I follow his truck up the drive, keen to tell him the exciting news about the chicken bark.
He disembarks from the cab and throws open the tailgate. Several badly-packed supermarket bags are revealed.
“What?” I begin. “Have you been…”
“Don’t say anything,” he warns, wearily lifting down the shopping.
I convey my message and slope back to the Cottage pensively. How was it that we all became so oppressed? If even Short Tony is being sent out to do menial household tasks then that is just about the end for mankind, and we may as well just be living in ‘The Worm that Turned’ by The Two Ronnies.

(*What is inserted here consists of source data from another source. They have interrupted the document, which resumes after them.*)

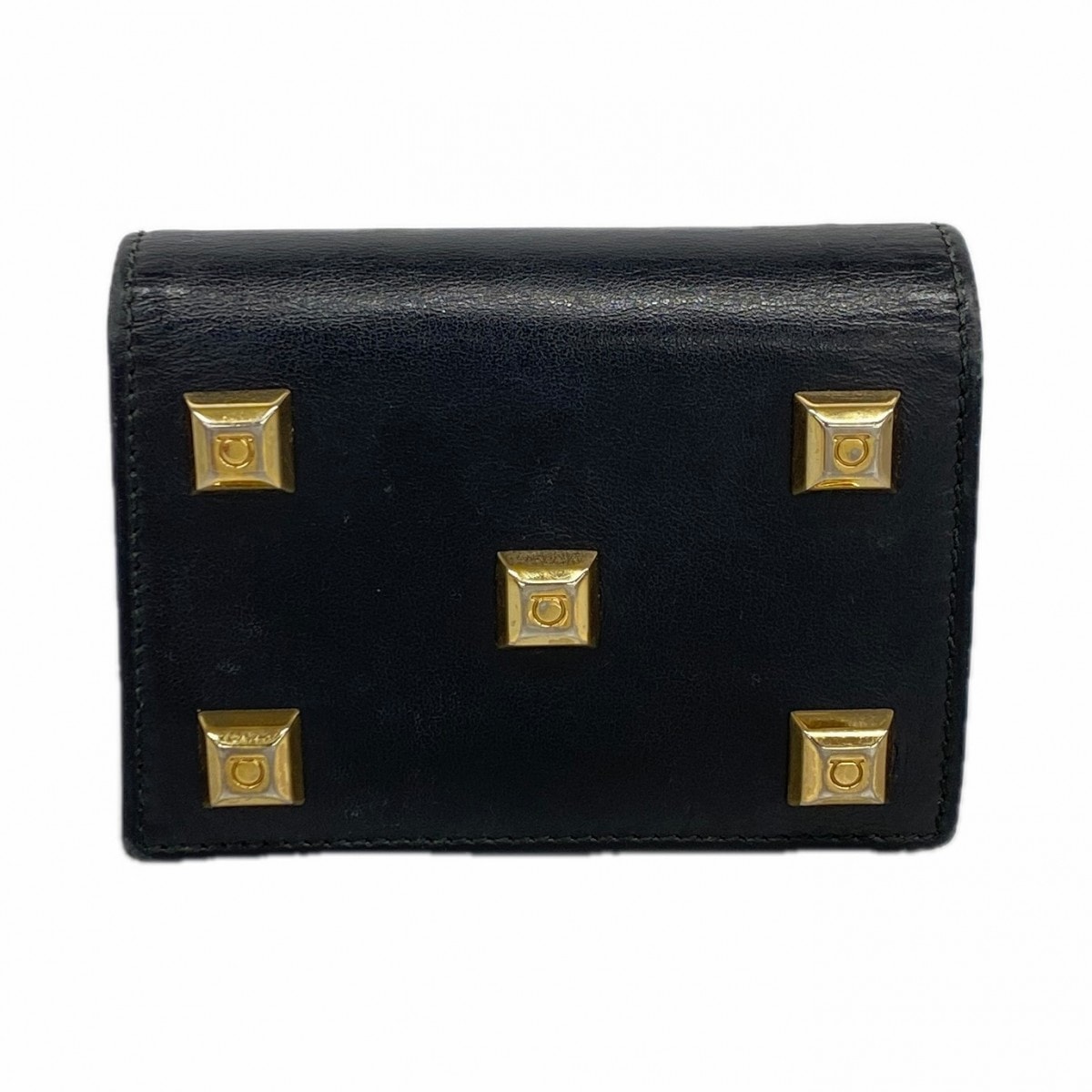 【6cd5278】サルヴァトーレフェラガモ 財布 ガンチーニ レザー ブラック シャンパンゴールド金具【中古】レディース
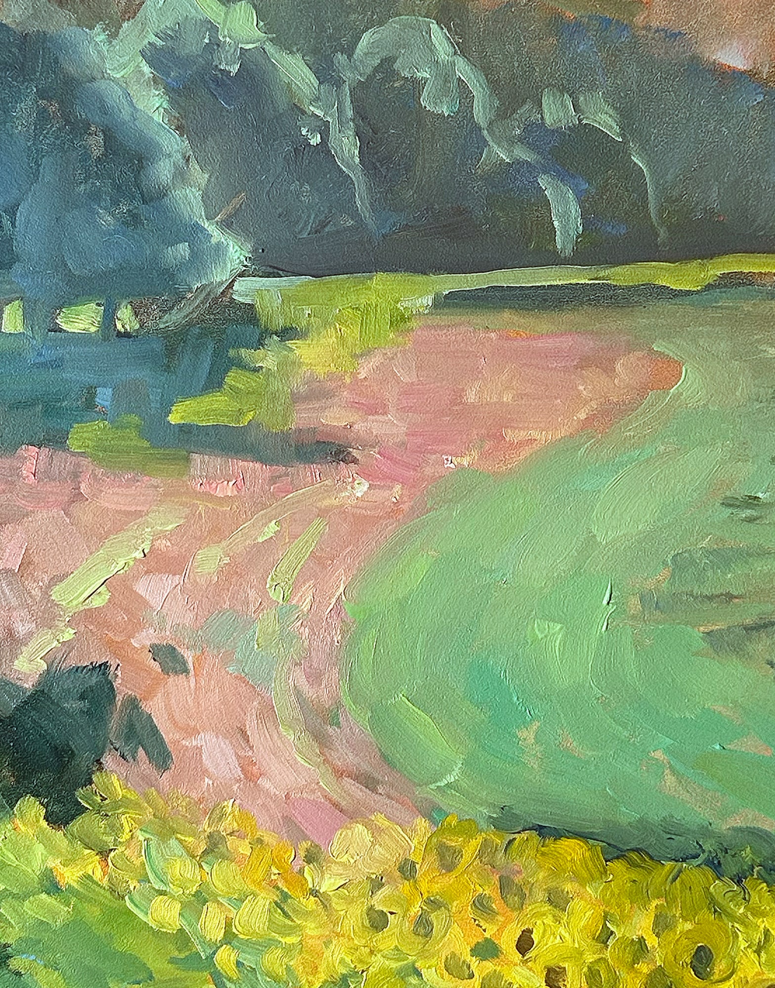 In the total spirit of plein air painting, this 11 X 14" oil is loose, joyful and energetic - just like I was this beautiful day. Painted live at the Biltmore Estate in Asheville, the sunflowers, lights and shadows were dancing with life and color. Many people stopped by to talk as I painted, and their responses told me I was onto something. This is painted on a hardwood birch board, so the strokes are rich and lively with texture. Ready for hanging and the perfect frame - or hang as is.
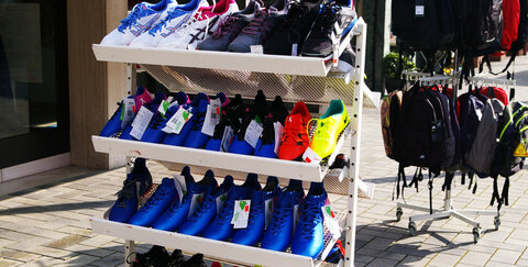 Einige Sportschuhe des Sortiments sind reduziert. Die Farbauswahl umfasst grelle und auffällige Farben aber auch schlichte Modelle.
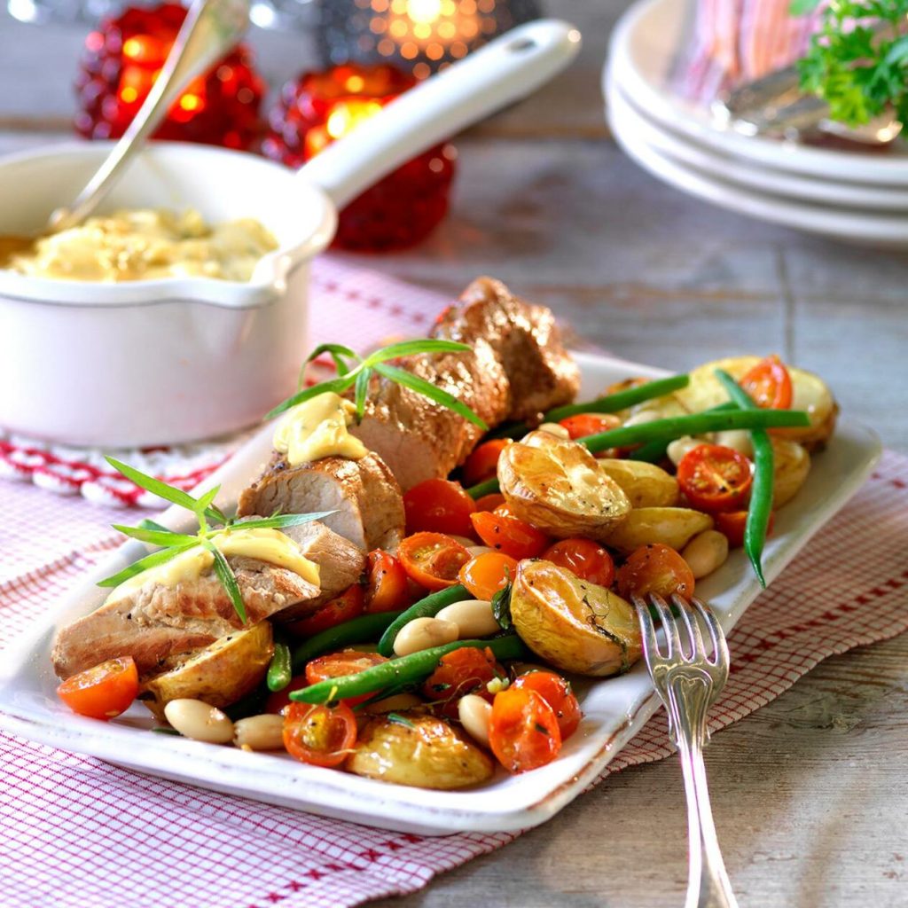 Fläskfilé med bearnaisesås och ljummen bönsallad

I hang out the washing to dry in the fierce heat of the Norfolk weather. I do not use the new pegs that I got for Christmas as there is a slight breeze and they are not overly sturdy. By the time I have put the rubbish out and placed some cups in the dishwasher I am exhausted, and only just have time for a couple of games of ‘Scramble’ on the Facebook before the antiques programme starts on the telly.
There must be a solution to drudgery like this. When I was a small boy it was generally accepted that by the time we reached the twenty-first century all households would have a robot that would do all the boring stuff for you whilst you went and leisured at the astropark with Jenny Agutter. But that has not happened yet. At the time when I actually WAS a small boy, my mum did all that stuff anyway. It is just my luck to be born in the wilderness zone gap between fully functioning housewives and robots.
A new lot of washing goes in the machine; I rearrange the shoe rack so that the shoes are in order of colour (lightest first). If I get the place nicely straight for the LTLP when she returns home then she will not mind finishing up by doing the washing up and wiping all the surfaces and clearing out the sink. Sometimes I suspect the lack of robot development is some sort of plot to keep people in their place. Either way, I am fed up with having to do more than my fair share.